Would upgrading the MacBook Pro Aluminum model from 2.53 Ghz to 2.8 Ghz make a significant difference in the performance of Photoshop CS4 or Lightroom 2.0?
RAM rather than clock speed remains the most constraining architectural limitation of MBPs. Personally I will not upgrade at least until 8 GB RAM can be accessed. The other big issue is that new MBPs only come with glossy displays, unacceptable to me. Also as a 17" MBP user, I am looking for two internal drives at some future point, probably one of them SSD.
The good thing about clock speed difference is that it is pretty straightforward; ~10% more clock speed means just that, and does affect operation for apps like PS. However 10% improvement of an operation that takes 0.1 second is like Ramón says not noticeable.

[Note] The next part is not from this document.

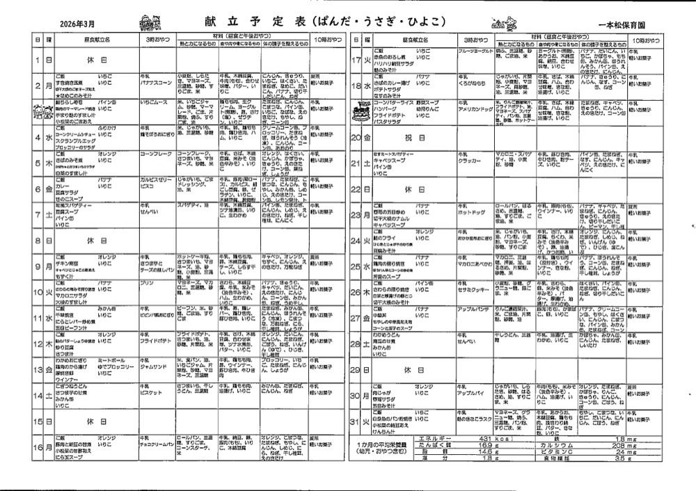 今月の献立

Even a 20 second operation made 2 seconds faster is non-obvious, and some operations are most affected by other architectural parameters anyway.
Whether or not the extra 10% speed is worth US$300 depends on individual finances and box usage. For someone with good clients running heavy graphics apps 8 hours a day it probably is worth $300, especially since that 10% does extend the life cycle of the box, and does mean that for 2-3 years the user does receive slightly snappier performance.
However IMO someone with good clients running heavy graphics apps 8 hours a day should primarily be doing it on a Mac Pro; not on a laptop or an iMac. 🙂
Mac and performance shouldn’t even be put in the same sentence, macs are sweet for browsing and media but if your looking for performance pull out your wallet!